### What you are asked to do
Every line from the one with "同样是属于今年 Air Max" up to and including the one with "และวันพ่อแห่งชาติ ณ หอประชุมจังหวัดมหาสารคาม" is to be output exactly as it appears below; pictures are not.

### Stored data
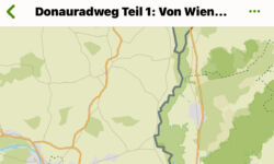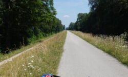 Nach einer ausgedehnten Pause machen wir uns wieder auf den Weg. Nach einem Kilometer fahren wir wieder auf die Trasse und die führt hier endlich mal wieder direkt an der Donau entlang mit Blick aufs Wasser. Schon bald ist die Donau nicht mehr zu sehen, weil nun wieder Bäume die Sicht versperren. Der Durst kommt zurück und nun finden wir sogar ein kleines Schattendach auf der Trasse. So richtig schattig ist es da auch nicht, aber immerhin können wir hier ein paar Minuten auf einer Bank ausruhen.
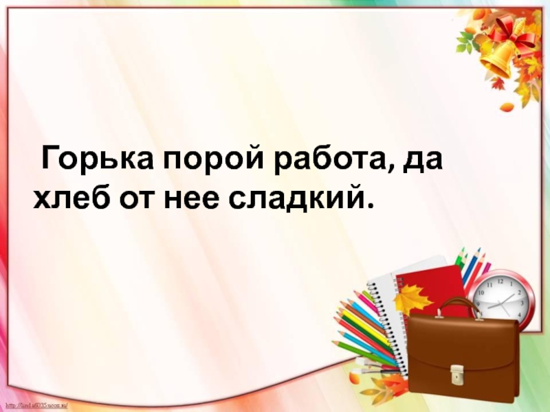 Слайд 5 Горька порой работа, да хлеб от нее сладкий.
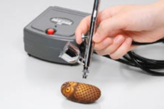 - Mini compresor compacto para aerografía. Suministra aire de manera consistente para poder abordar cualquier tipo de trabajo de pintura.
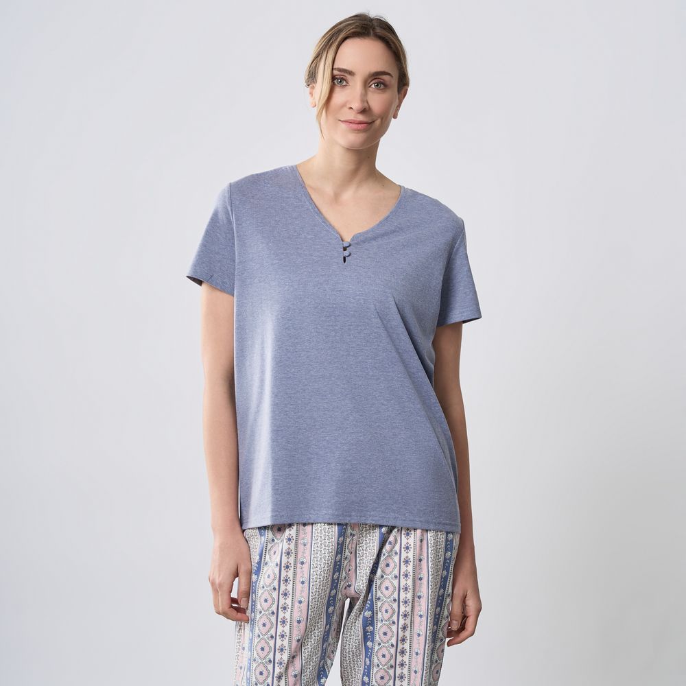 Polo Pijama Mujer V Neck Zafin Manga Corta Algodón
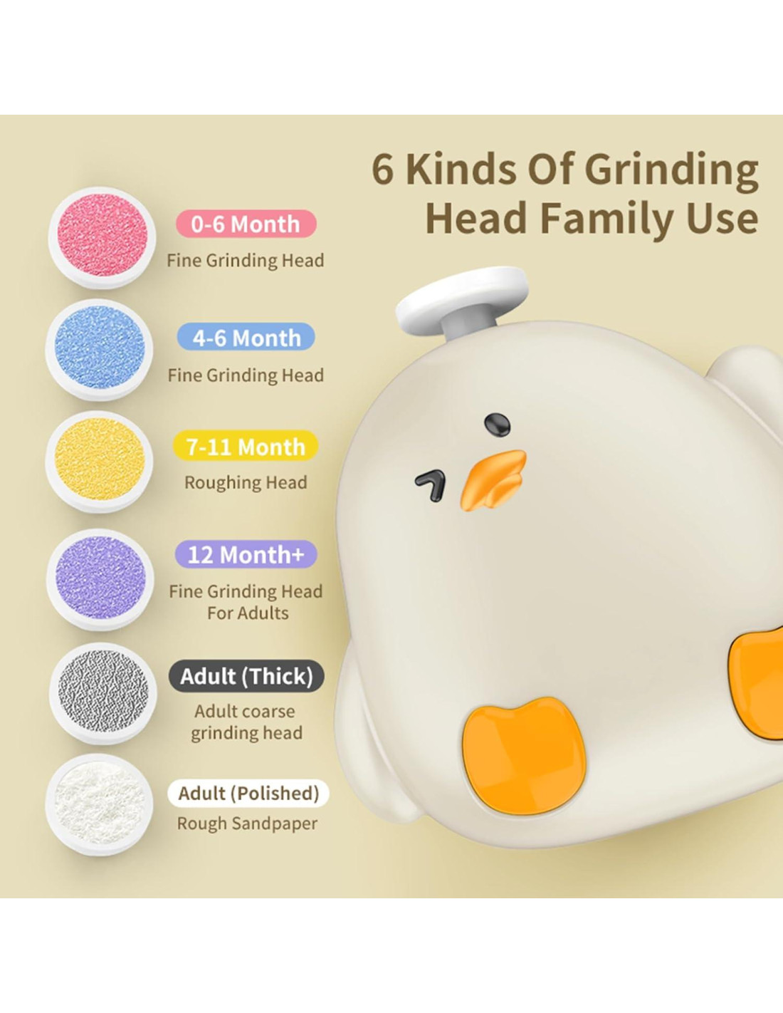 - Elegante y Compacto: El recortador de uñas eléctrico para bebés GEREFET presenta un diseño de caricatura de pollito lindo, acompañado de múltiples cabezales de pulido de colores y una caja de almacenamiento portátil, haciéndolo tanto elegante como práctico. Un kit de cuidado imprescindible para bebés.
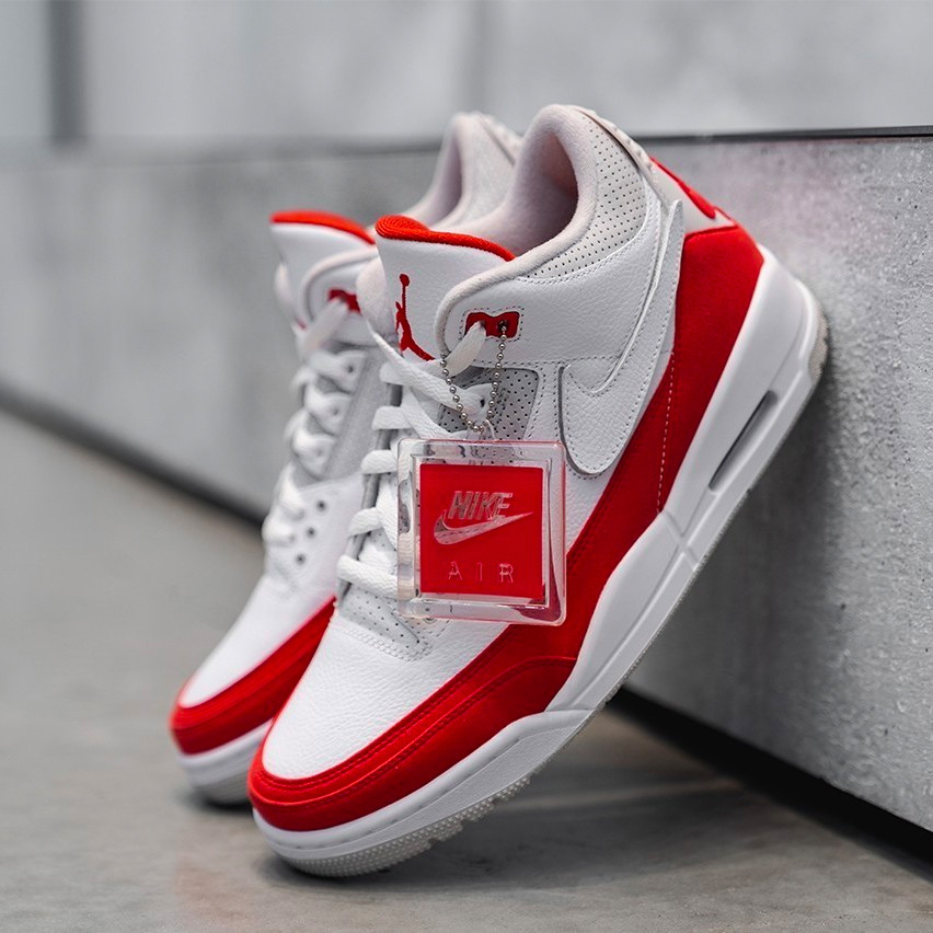 同样是属于今年 Air Max Day 的庆典系列,这双 Air Jordan 3 Tinker “Air Max 1” 不仅是一双带有钩子的 AJ3,不仅是一双 Nike Air 后跟的 AJ3,它还再现了 Air Max 1 OG 最为经典的元年白红配色!
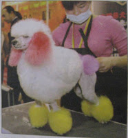 The horror! This fad seems to be sweeping prosperous China where little white poodles are now being subjected to this demeaning practice. Next time you’re over, you can check out the poodle supply at Shanghai Naughty Family Pet Co. LTD on Hongqiao Road. (No, I am not kidding.)
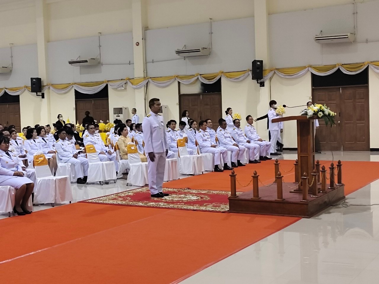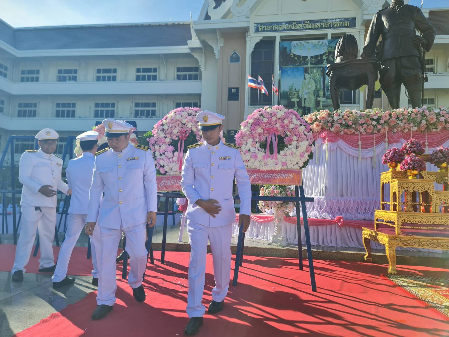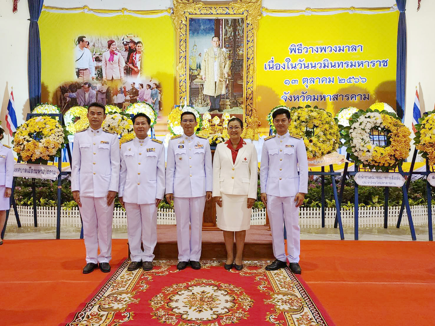 พิธีถวายพานพุ่มดอกไม้ถวายราชสักการะ และพิธีถวายบังคม เนื่องในวันคล้ายวันพระบรมราชสมภพพระบาทสมเด็จพระบรมชนกาธิเบศร มหาภูมิพลอดุลยเดชมหาราช บรมนาถบพิตร วันชาติ และวันพ่อแห่งชาติ ณ หอประชุมจังหวัดมหาสารคาม
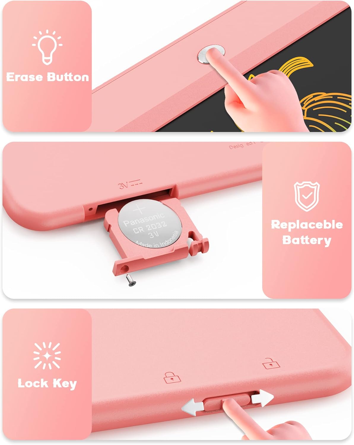 - EYE PROTECTION COLOR SCREEN: 10-inch LCD colorful screen, easy for viewing and graffiti, free child’s imagination. This drawing tablet without radiation, no glare, safe and comfortable, even kids use for a long time. Great educational preschool toys age 3 4 5 6 7 8 boys girls!
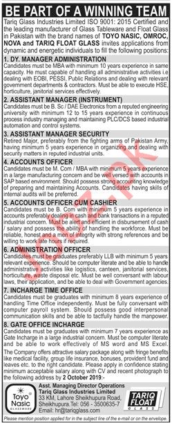 Tariq Glass Industries Limited invites applications from highly qualified and well educated candidates for the positions of Deputy Manager Administration, Assistant Manager Instrument, Assistant Manager Security, Accounts Officer, Cashier, Administration Officer, Incharge Time Office and Gate Office Incharge in Sheikhupura Punjab 2019.
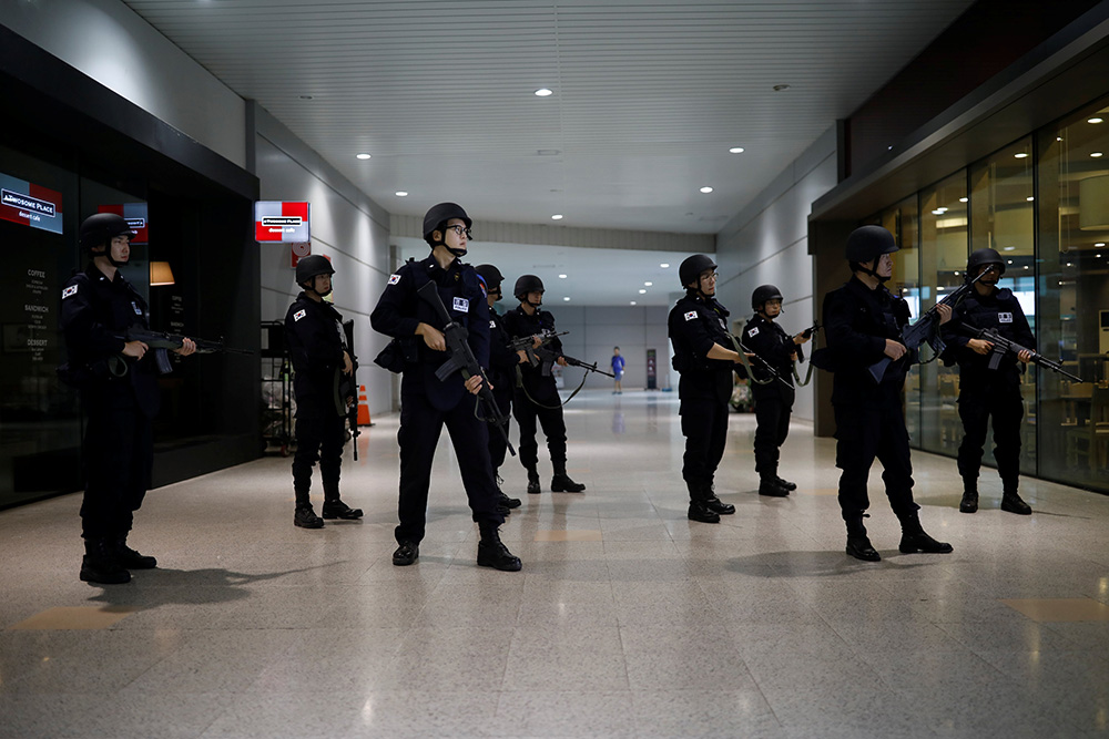 图:韩国军警21日在高阳市举行反恐演习 路透社

### Task answer
 同样是属于今年 Air Max Day 的庆典系列,这双 Air Jordan 3 Tinker “Air Max 1” 不仅是一双带有钩子的 AJ3,不仅是一双 Nike Air 后跟的 AJ3,它还再现了 Air Max 1 OG 最为经典的元年白红配色!
 The horror! This fad seems to be sweeping prosperous China where little white poodles are now being subjected to this demeaning practice. Next time you’re over, you can check out the poodle supply at Shanghai Naughty Family Pet Co. LTD on Hongqiao Road. (No, I am not kidding.)
 พิธีถวายพานพุ่มดอกไม้ถวายราชสักการะ และพิธีถวายบังคม เนื่องในวันคล้ายวันพระบรมราชสมภพพระบาทสมเด็จพระบรมชนกาธิเบศร มหาภูมิพลอดุลยเดชมหาราช บรมนาถบพิตร วันชาติ และวันพ่อแห่งชาติ ณ หอประชุมจังหวัดมหาสารคาม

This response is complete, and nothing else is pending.